To ensure compliance with the new disclosure rules, the first thing companies should do is take an inventory of all of their interests in companies worldwide, Lee says.

“Depending on the type of entity you are dealing with that could be easy or difficult,” she says. “If you have a huge multinational company they are going to have lots of tentacles all around the world, and private equity firms are going to have investments in companies all around the globe.”

A client advisory issued by her firm lists key actions companies should consider. Among them:

Establish control and disclosure procedures to detect and identify reportable activities so the company can demonstrate that it has taken reasonable efforts to comply with the requirements.

Designate a specific person with responsibility for compliance with the new requirements, and implement the procedures needed to maintain necessary records and answer questions.

Require employees worldwide to report activities potentially subject to disclosure or sanctions.

Review existing contracts and consider whether to run a search of the counterparties to the contracts or payments against the Specially Designated Nationals and Blocked Persons List maintained by Office of Foreign Assets Control of The Department of the Treasury.

Supplement the director and officer questionnaire with additional questions that help identify reportable activities.

Companies should act quickly to tackle these and other policies.

Catherine Dixon, a partner with the law firm Weil, Gotshal & Manges, notes that the new disclosure requirements apply to all of 2012 for a calendar year reporting company, according to the SEC Staff's Compliance and Disclosure Interpretations on new Section 13(r) of the Exchange Act.  

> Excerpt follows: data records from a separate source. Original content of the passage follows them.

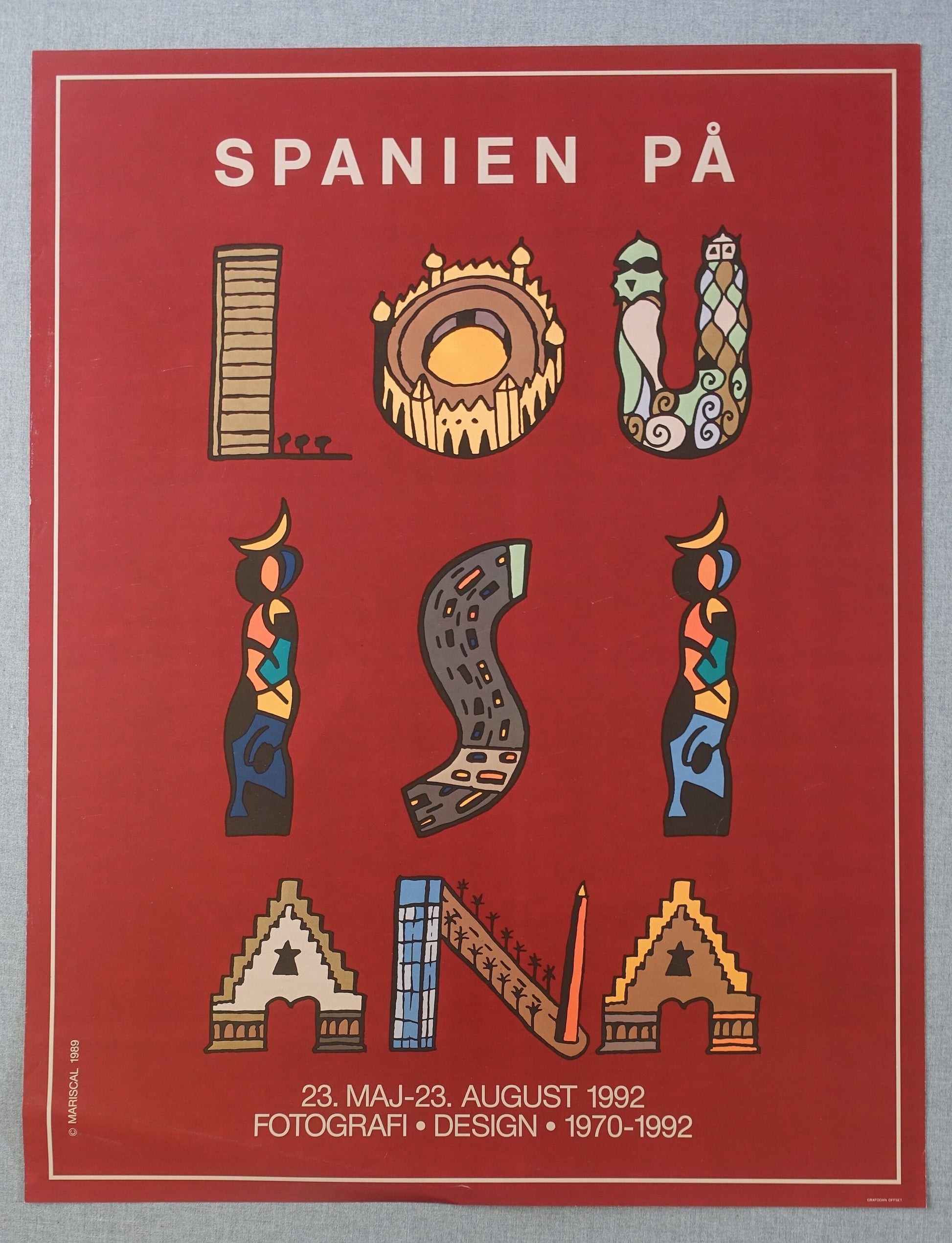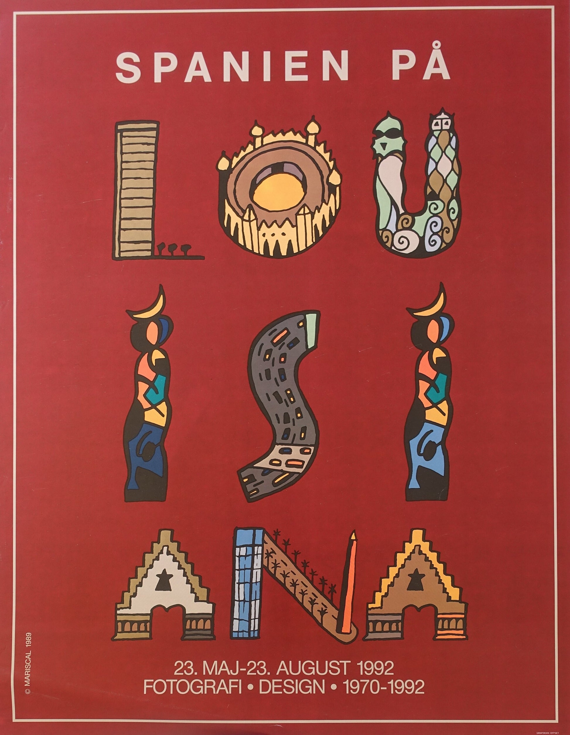 Stunning exhibition poster displaying famous Spanish landmarks in letters forming the name "Louisiana".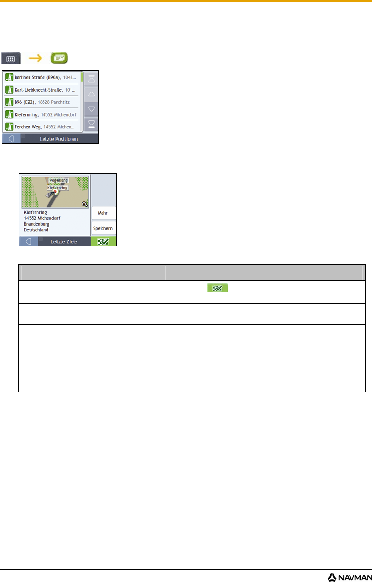 Um die Navigation zu vereinfachen, speichert Ihr Navman automatisch alle Ihre Ausgangspositionen und Fahrtziele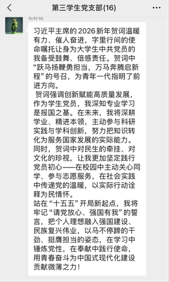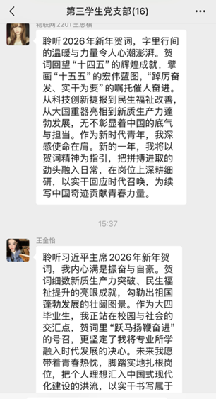 考虑到大四党员实习在外的实际情况,支部提前搭建线上学习平台,确保实习党员“不掉队”、学习“不缺位”。线上大四党员同步观看贺词后,通过支部微信群积极分享学习感悟,与线下师生实时互动交流,畅谈对贺词中科技创新、青年担当等内容的理解,形成“线上+线下”同频共振、全域覆盖的学习氛围。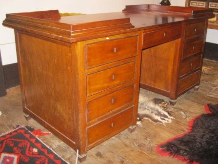 - Mesa de despacho en madeira de caoba, coa parte central oca e catro caixóns a cada lateral e unha parte central. Por outro lado, unha lacena en cada lateral cun caixón na parte superior e na central tamén oco cun caixón na parte superior.
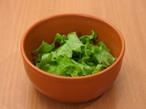 - In einer Salatschüssel Salatblätter von Hand zerreißen.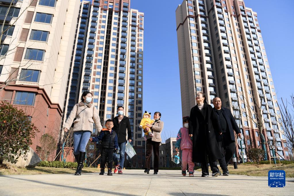 11月28日,安徽省合肥市肥西县花岗镇回迁居民在回迁安置小区内参观。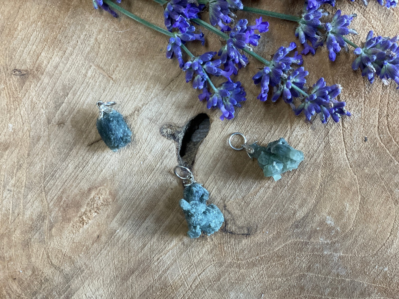 Een hanger van een gekristalliseerd stukje Prehniet van ca. 1-2 cm.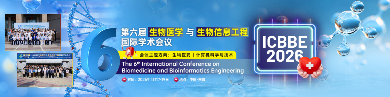 第六届生物医学与生物信息工程国际学术会议(ICBBE 2026)将于2026年4月17-19日在中国·南昌召开。本次大会主要围绕生物医学、生物信息工程两大工程领域展开研讨,为全球高等院校、科学研究所、企事业单位的专家、教授、学者、工程师等提供一个分享专业经验,扩大专业网络,面对面交流新思想以及展示研究成果的国际学术平台,目的是为了探讨相关领域发展所面临的关键性挑战问题和研究方向,以期推动理论和技术在高校和企业的发展与应用,同时也为参会者建立业务或研究上的联络,以及寻找未来事业上的合作伙伴。

“Companies are going to have to look back at activities during a period when what they were doing wouldn't necessarily have been considered material and therefore subject to disclosure,” she says. “They are going to have to hurry up and do that before their 10k is due. This is not something like conflict minerals and resource extraction payment disclosures, which will not have to be made via new Form SD until 2014.  That said, affected companies will need to collect information for all of 2013 in the case of conflict minerals, and in the case of resource extraction payments beginning in late September 2013.”